During this session, we will examine the true abilities and gaps of AI, as delineated in Charles’ co-authored book on Artificial Intelligence in Education, and discuss whether and when these might be resolved in ethical ways.  Armed with that view, we will then address how advances in AI impact education at three levels:

  • Curriculum – What we teach for employability
  • Instruction – Intelligent Tutoring Systems may be overblown, but narrow slices are possible (e.g., foreign language acquisition)
  • Assessments – analytics are a clear fit, but it is mostly data science techniques; we need to define what AI is in this context, above and beyond algorithmic techniques and basic adaptiveness.
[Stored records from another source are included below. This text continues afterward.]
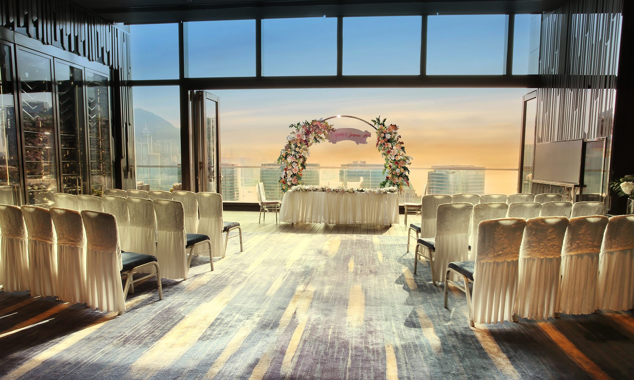 位於尖沙咀繁華地段,擁有 270° 海景露台及開揚景觀落地玻璃,維港醉人景色盡收眼底;別具型格的裝潢、富藝術格調的細節,別出心裁運用不同層次的深色配搭典雅佈置,盡顯高貴時尚氣派;再配備高端投影設備及精緻的婚宴菜色,讓新人享受尊貴華麗的夢幻婚禮。
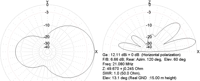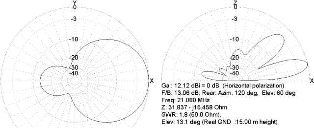 Můžete namítnout "ruku líbat". Zisk to má 12 dB, F/B je sice jenom 13 dB, VSWR = 1.8. Vždyť se do toho dá vysílat. Ano, dá. Podotýkám, že toto nastavení je pro danou konstrukci antény správné. Sice to nemá VSWR=1 a F/B=19 dB, jako u předchozího obrázku, je to jen o 6 dB horší na F/B a SWR je 1.8 a nikoliv SWR=1 ...Ham, který si tuto anténu postavil a investoval rovněž do anténního analyzátoru docílil následujícího nastavení.
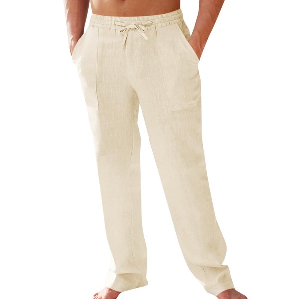 PASLTER Men's Cotton Linen Pants Elastic Waist Drawstring Casual Trouser Lightweight Straight-Legs Loose Beach Yoga Pants Beige
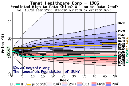 The high to date and low to date prices of the stock plotted against a random walk model for 1986 (what's this?).
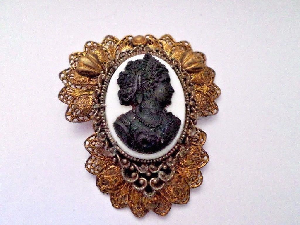 Title (ebay affiliate link): Vintage Victorian Fur Clip with Cameo Black Onyx on White MIlkglass
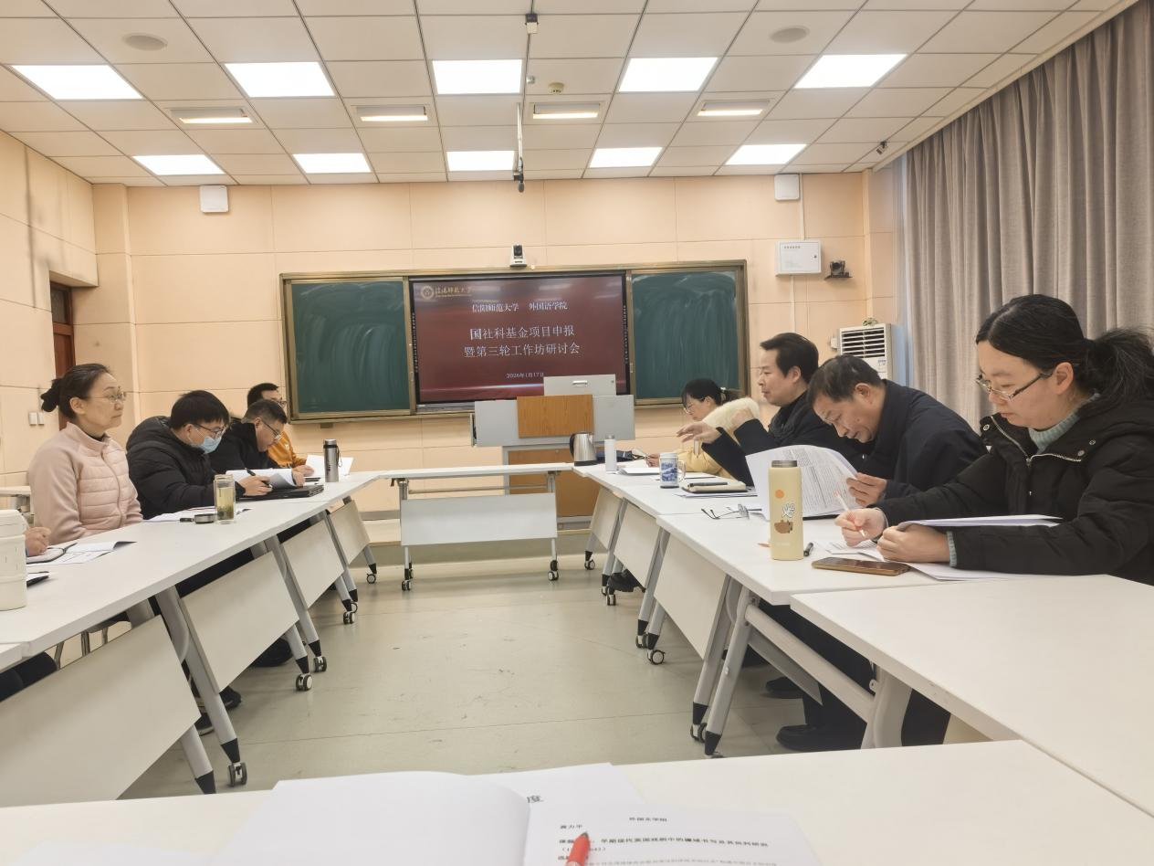 “2026年国家社科基金项目申报专题学术工作坊”第三次论坛在人文楼603会议室举行。论坛举行之前,工作坊收集到本院23份项目论证书,根据项目论证书质量给予评分,并书面通知修改具体事项。

Another impact of AI on education is changing what capabilities educators should cultivate and what students need to learn for their future occupation. Over the next two decades, our partnership with computers in accomplishing work roles will typically involve intelligence augmentation—an interweaving of human judgment with machine reckoning— even though a few human jobs will instead be done completely by AI. For instance, AI designed to support the work of teachers might use metrics like how much time students spent on an activity, the number of questions they answered correctly, and the number of attempts in order to evaluate whether particular students need additional instruction in a topic; AI would provide a recommendation to the teacher. The educator then assesses the validity of this suggestion using a host of data points (e.g., students’ levels of engagement overall, personality, performance in adjacent subjects, well-being) and decides how to best craft additional, engaging instruction for the student. Much as how the word processor enhanced human efficiency, productivity, and capabilities, AI can augment human abilities through reckoning—with potentially a great benefit in which the human-AI partnership is capable of more than either person or machine in isolation.